Beardsley v. Colvin, 758 F.3d 834, 836–37 (7th Cir. 2014). But the Court may reverse and remand the ALJ’s decision if the ALJ committed an error of law or based her decision on serious factual mistakes or omissions. Id. at 837. The Court also looks to “whether the ALJ built an ‘accurate and logical bridge’ from the evidence to her conclusion that the claimant is not disabled.” Simila v. Astrue, 573 F.3d 503, 513 (7th Cir. 2009) (quoting Craft v. Astrue, 539 F.3d 668, 673 (7th Cir. 2008)). The ALJ “need not provide a complete written evaluation of every piece of testimony and evidence,” Shideler v. Astrue, 688 F.3d 306, 310 (7th Cir. 2012) (citation omitted), but “[i]f a decision ‘lacks evidentiary support or is so poorly articulated as to prevent meaningful review,’ a remand is required,” Kastner v. Astrue, 697 F.3d 642, 646 (7th Cir. 2012) (citation omitted).

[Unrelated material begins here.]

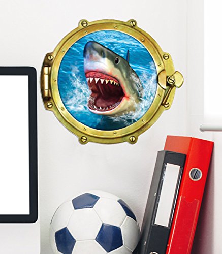Walls 360 Peel & Stick Wall Decal Window Views Shark (12 in x 10.75 in)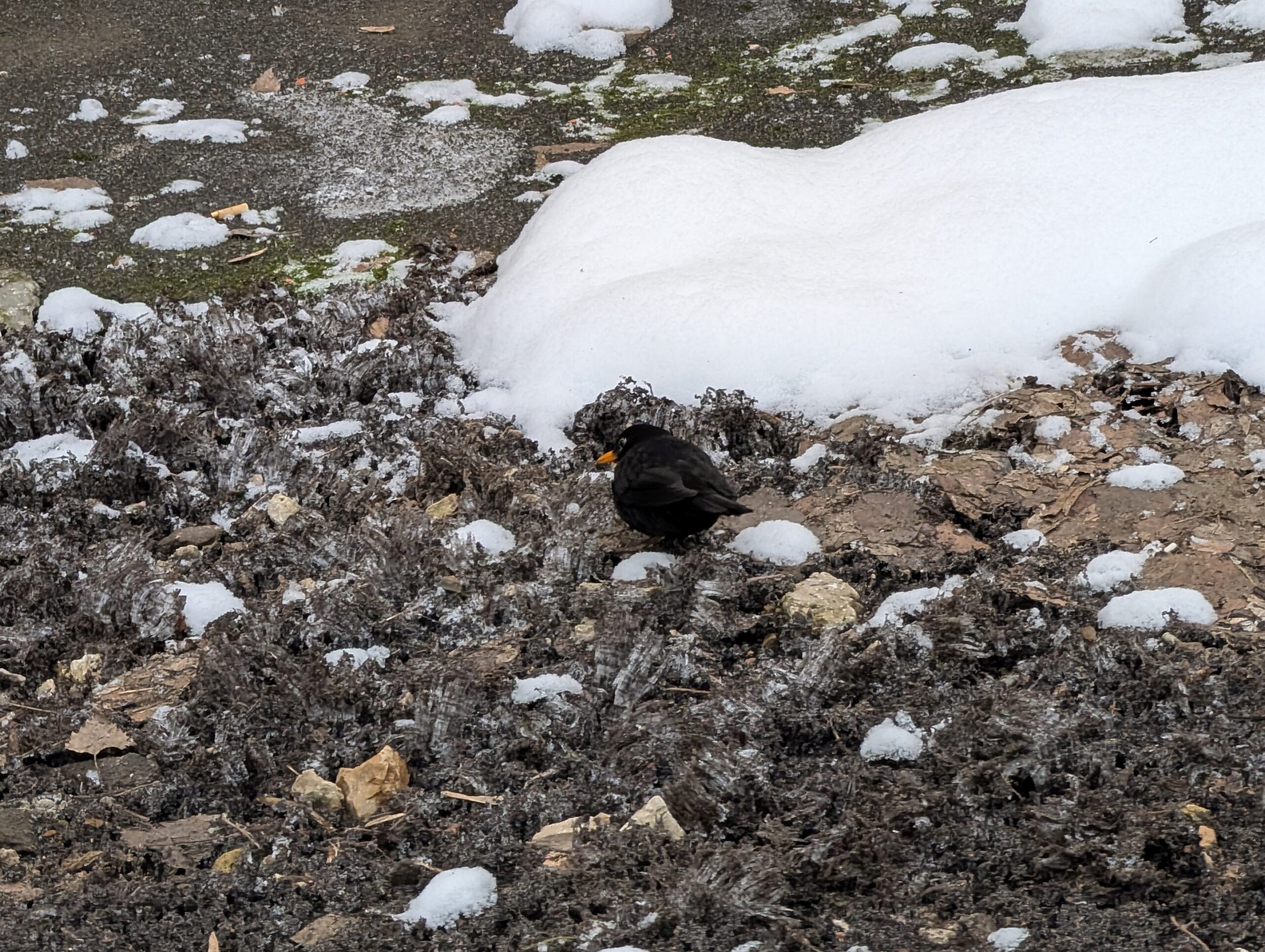 Заметно, впрочем, что снег растаял не полностью — готов поклясться, что ещё совсем недавно здесь всё было занесено. Да, нелегко приходится дроздам зимой…

II. Disability Standard To qualify for DIB, a claimant must show that she is disabled, meaning that she cannot “engage in any substantial gainful activity by reason of any medically determinable physical or mental impairment which can be expected to result in death or which has lasted or can be expected to last for a continuous period of not less than 12 months.” 42 U.S.C. §§ 423(d)(1)(A), 1382c(a)(3)(A); Weatherbee v. Astrue, 649 F.3d 565, 568 (7th Cir. 2011). To determine whether a claimant is disabled, the SSA uses a five-step sequential analysis. 20 C.F.R. § 404.1520(a)(4); Kastner, 697 F.3d at 646. At step one, the ALJ determines whether the claimant has engaged in substantial gainful activity during the relevant period. See 20 C.F.R. § 404.1520(a)(4)(i). At step two, the ALJ considers whether the claimant’s impairments are severe and meet the twelve- month durational requirement. Id. §§ 404.1509, 404.1520(a)(4)(ii). At step three, the ALJ determines whether the claimant’s impairment(s) meet or equal an impairment listed in the Social Security regulations. Id. § 404.1520(a)(4)(iii); 20 C.F.R. Pt. 404, Subpt. P, App’x 1. If
the claimant’s impairment(s) meet or equal a listing and meet the duration requirement, the claimant is disabled; if not, the analysis continues, and the ALJ assesses the claimant’s RFC. 20 C.F.R. § 404.1520(a)(4)(iii), (e). At step four, the ALJ considers the claimant’s RFC and determines whether the claimant can perform past relevant work. Id. § 404.1520(a)(4)(iv). If the claimant can perform past relevant work, she is not disabled. Id. If she cannot, the ALJ proceeds to step five, where the ALJ determines whether a substantial number of jobs exist that the claimant can perform given his RFC, age, education, and work experience. Id. §§ 404.1520(a)(4)(v), 404.1560(c). If the claimant can perform other work, she is not disabled; if he cannot perform other work, she is disabled. Id. § 404.1520(a)(4)(v). The claimant bears the burden of proof at steps one through four, and the burden shifts to the government at step five.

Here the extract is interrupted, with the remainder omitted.